The simple method is:
Let's take N-gone(number of sides) and length of side L. The angle will be T = 360/N.
Let's say one vertices is located on origin.
* First vertex = (0,0)
* Second vertex = (LcosT,LsinT)
* Third vertex = (LcosT+Lcos2T, LsinT+Lsin2T)
* Fourth vertex = (LcosT+Lcos2T+Lcos3T, LsinT+Lsin2T+Lsin3T)
You can do in for loop
hmm if you test all the versions that are listed here you'll see that the implementation is not good. you can check the distance from the center to each generated point of the polygon with : http://www.movable-type.co.uk/scripts/latlong.html
Now i have searched a lot and i could not find any good implementation for calculating a polyogon using the center and the radius...so i went back to the math book and tried to implement it myself.
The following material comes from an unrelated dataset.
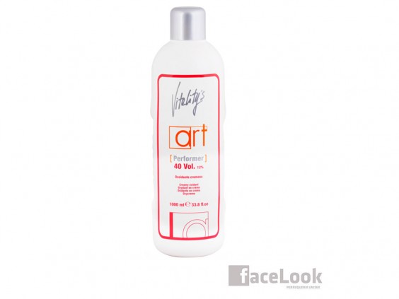 Vitality's art performer oxidante en crema 40% volúmenes. Es un producto muy estable y ligeramente perfumado. Expresamente creado para ser mezclado con los decolorantes y coloraciones de Vitality's, asegurando duración y estabilidad de los colores. Vitality's art performer es una oxigenada en crema que consigue una mezcla cremosa y suave. No gotea durante la aplicación.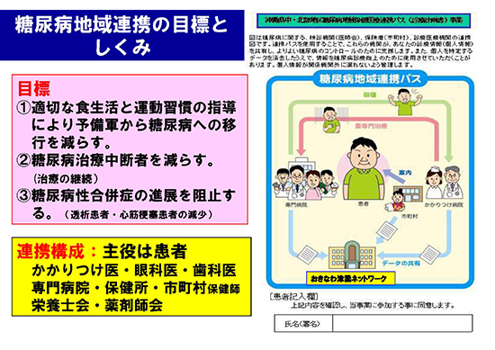 「津梁」(しんりょう)には、「架け橋」と「診療」 の二つの意味がある。ネットワークは、各医療 機関の医師、歯科医師、コメディカル、薬剤師、 栄養士、市町村担当者、国保連合会の意見や提 言をもとに、構築されている。糖尿病部会の目 的は、「糖尿病予備軍から糖尿病発症への移行 減少」(発症予防)「糖尿病治療中断者・未治療 者の減少」(治療の継続・治療へ導く)「糖尿病 性合併症の進展阻止」(透析患者・心筋梗塞患 者等の減少)である。<図1 >「おきなわ津梁ネットワーク」は、オール沖縄で取り組む地域 医療連携システムである。

In the end i came up with this...wich is 100% good:
List<double[]> coordinates = new List<double[]>();
#region create Polygon Coordinates
if (!string.IsNullOrWhiteSpace(bus.Latitude) && !string.IsNullOrWhiteSpace(bus.Longitude) && !string.IsNullOrWhiteSpace(bus.ListingRadius))
{
double lat = DegreeToRadian(Double.Parse(bus.Latitude));
double lon = DegreeToRadian(Double.Parse(bus.Longitude));
double dist = Double.Parse(bus.ListingRadius);
double angle = 36;
for (double i = 0; i <= 360; i += angle)
{
var bearing = DegreeToRadian(i);
var lat2 = Math.Asin(Math.Sin(lat) * Math.Cos(dist / earthRadius) + Math.Cos(lat) * Math.Sin(dist / earthRadius) * Math.Cos(bearing));
var lon2 = lon + Math.Atan2(Math.Sin(bearing) * Math.Sin(dist / earthRadius) * Math.Cos(lat),Math.Cos(dist / earthRadius) - Math.Sin(lat) * Math.Sin(lat2));
coordinates.Add(new double[] { RadianToDegree(lat2), RadianToDegree(lon2) });
}
poly.Coordinates = new[] { coordinates.ToArray() };
}
#endregion
If you test this you'll see that all the points are at the exact distance that you give ( radius ). Also don't forget to declare the earthRadius.
private const double earthRadius = 6371.01;
This calculates the coordinates of a decagon. You see the angle used is 36 degrees. You can split 360 degrees to any number of sides that you want and put the result in the angle variable.
Anyway .. i hope this helps you #rmx!